Ma il “purchè se ne parli?” fa bene ai brand?
“Non c’è una spesa che non sia importante” è il claim del nuovo film pubblicitario di Esselunga per tv e cinema. Lo spot è stato ideato dall’agenzia SMALL di New York, girato tra le strade di Milano dal regista francese Rudi Rosenberg e prodotto da Indiana Production. Ha grosso modo la struttura narrativa di un “corto” ed è la storia di una (ex) famiglia tradizionale descritta attraverso gli occhi di una figlia di genitori separati.

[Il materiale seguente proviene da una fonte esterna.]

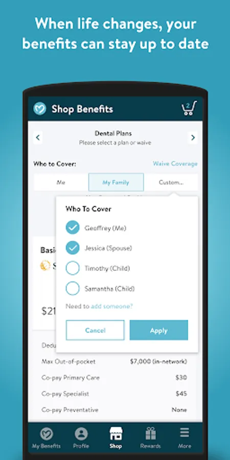 Need to make changes? Open up Maxwell to make important updates to benefits when life events happen, like moving off your parent’s coverage, getting married, or having a baby.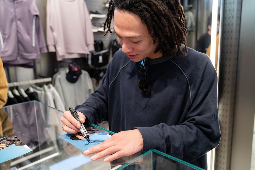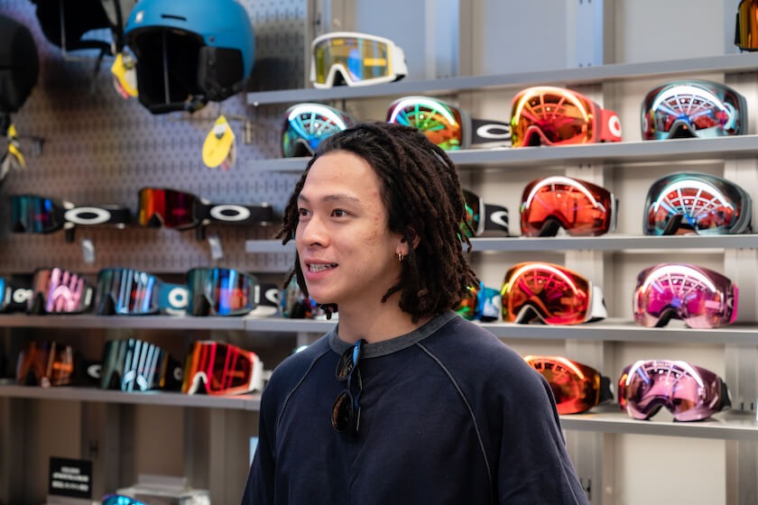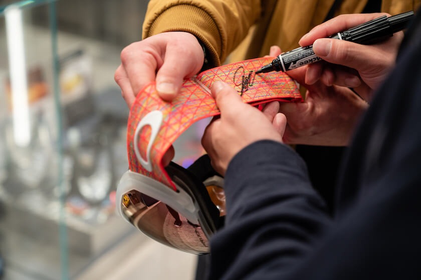 「チームオークリー」のアスリートでもある平野歩夢選手は、決勝でも「オークリー」のゴーグル「ユニティコレクション ラインマイナー」を着用して出場していた。この日、渋谷の店舗に立ち寄った平野歩夢選手は、店舗のビジョンに映し出された自身の映像をスマートフォンで撮影し、店内に入るとリラックスした表情でカードやゴーグルにサインした。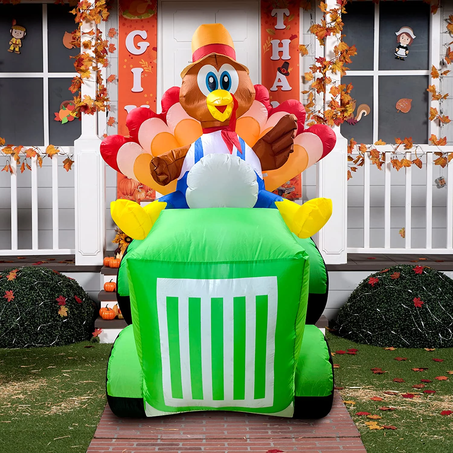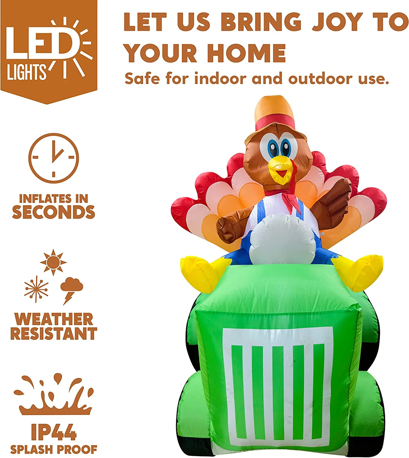- 8 Feet Long Turkey Driving Car Inflatable comes with an extended cord, ground stakes, fastened ropes, built-in sandbags, and a plug with UL certification.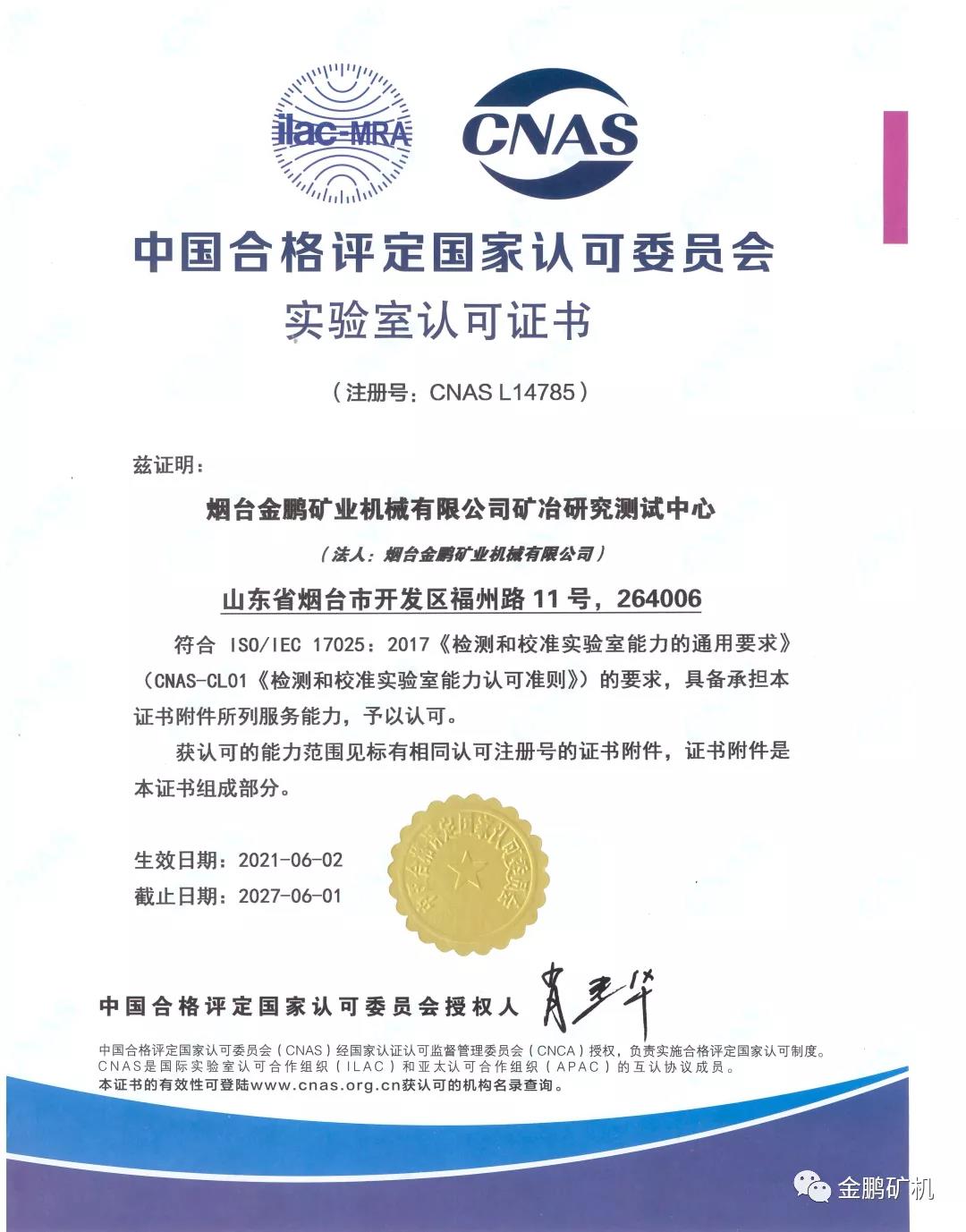 碩果源于奮斗 創(chuàng)新彰顯實力——熱烈祝賀金鵬礦機礦冶研究測試中心通過CNAS認證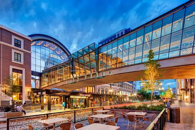 City Creek Center es el destino de compras y restaurantes más importante de Salt Lake City que ofrece 110 tiendas y tiendas que incluyen todas las marcas de lujo famosas y de alta calidad.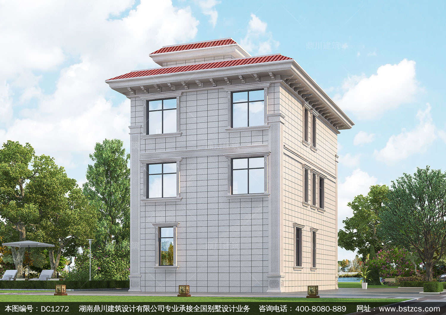 歐式三層小戶型別墅施工圖紙及效果圖_農村自建別墅設計,鼎川建筑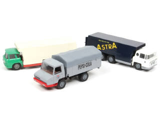 états de 'A-' à 'C' - comprend : BERLIET STRADAIR benne bâchée 'PEPSI-COLA', BERNARD fourgon 'ASTRA' & WILLEME fourgon (carrosserie légèrement encrassée avec petits éléments non conformes) - on y retrouve les marques VEREM & SOLIDO
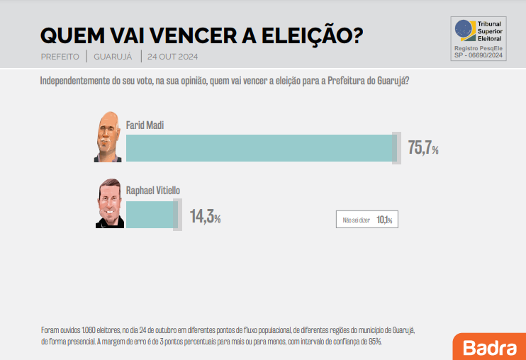 Quando os eleitores foram questionados: “Independentemente do seu voto, na sua opinião, quem vai vencer a eleição para a prefeitura de Guarujá?”, Farid Madi aparece com 75,7% e Raphael Vitiello com 14,3%. Não souberam dizer, 10,1%.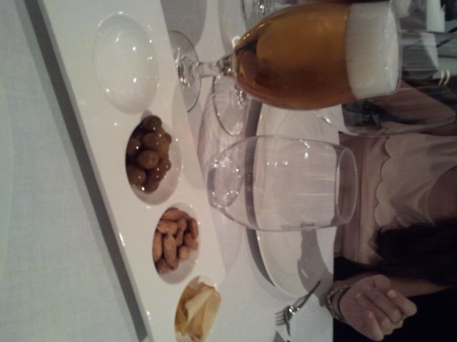 Las cosas ya se empezaron a poner un poco más serias con unos snacks de falsa cerveza, aceituna y cherry de pimiento de piquillo relleno de crema de anchoa.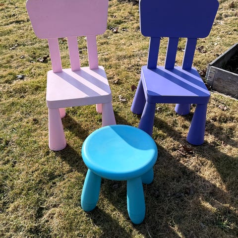 IKEA barnmöbelset runt bord och stolar plast grön rosa
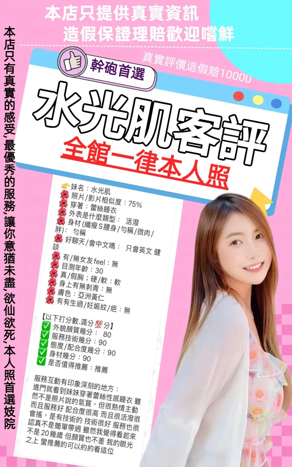 答:不可以哦,因為妹妹都是兼職的,在我們這般約她我們能保證在第一時間保護雙方的安全。如果加聯絡方式自己約,出現任何經濟糾紛與我們無關(有真實案例),請重視!!!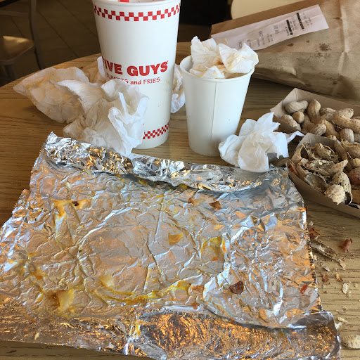 Read moreTHIS IS A PUBLIC SERVICE ANNOUNCEMENT: I BELIEVE I HAVE LOCATED THE BEST FIVE GUYS ON THE PLANET. So I placed my order, got some peanuts and sat down. Noticed that it was taking a little bit longer than usual to hear my number called. Store wasn’t very busy and so I wondered what the holdup might be. A few minutes later, I had my answer. Apparently, the order took so long because the skilled technician assembling this incredibly delicious, massive and perfectly prepared burger took the time to cram as many toppings on to it as they possibly could. YES PLEASE! Honestly, I have never had a Five Guys burger this good. Also, a pro tip for my fellow low-carb dieters who also have difficulty resisting the fries: order a small fry without a ‘topper.’ That is how they refer to the extra (essentially) double order they dump in your bag once the cup is placed inside. Minimizes the carbohydrate damage. Store was otherwise clean and efficient like virtually every other one I’ve been to. But seriously, the amount of toppings on this bad boy really impressed me!...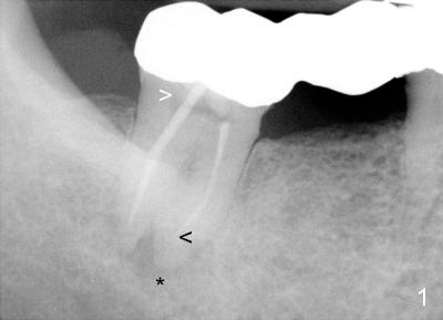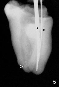 The most apical portion of the distal canal is found to be blocked (Fig.5 white >) when filling material is removed. The blockage is pre-existing, since it is present in Fig.2 and 4. The mesiobuccal canal (Fig.5 black <, #10 hand file) fuses with the mesiolingual canal (*, 30/.06 rotary file) before exit at apical foramen.

In video arriva uno spaccato di vita ordinaria, che comincia all’interno di un punto vendita Esselunga da una madre alla ricerca di sua figlia che ritrova ammaliata e assorta a rimirare una pesca. Il frutto di fatto diviene il vero protagonista dello spot (e dell’hype digitale, ci arriveremo fra poco) che si conclude con un dolceamaro dialogo tra Emma e suo papà. Un film quindi ascrivibile alla categoria delle pubblicità emozionali che ha scatenato una eco enorme sui social da parte dei consumatori, persone che si affrontano – favorevoli e contrari – a colpi di post, hashtag, meme, like e dislike, mentre gli specialisti della comunicazione, sintetizzando il concetto e andando in fondo, si pongono una domanda fondamentale “ma la pubblicità (in quanto tale n.d.a.) non dovrebbe sostenere le vendite?”.
Quindi, se l’obiettivo di far parlare di sé è ampiamente centrato, si può affermare anche che brand awarness, store traffic e vendite dell’impero Caprotti ne beneficeranno? Concludendo, lo spot è un film educato, che affronta il compesso tema dei genitori separati vissuto con lo sguardo dell’innocenza: produzione che ad alcuni ricorda un’analoga esperienza IKEA (qui il video del 2016), esercizio meritevole anch’esso di attenta analisi. “Grazie al cielo non si può comprare la felicità. Non potremmo sopportarne gli annunci pubblicitari.” (Stan Lee).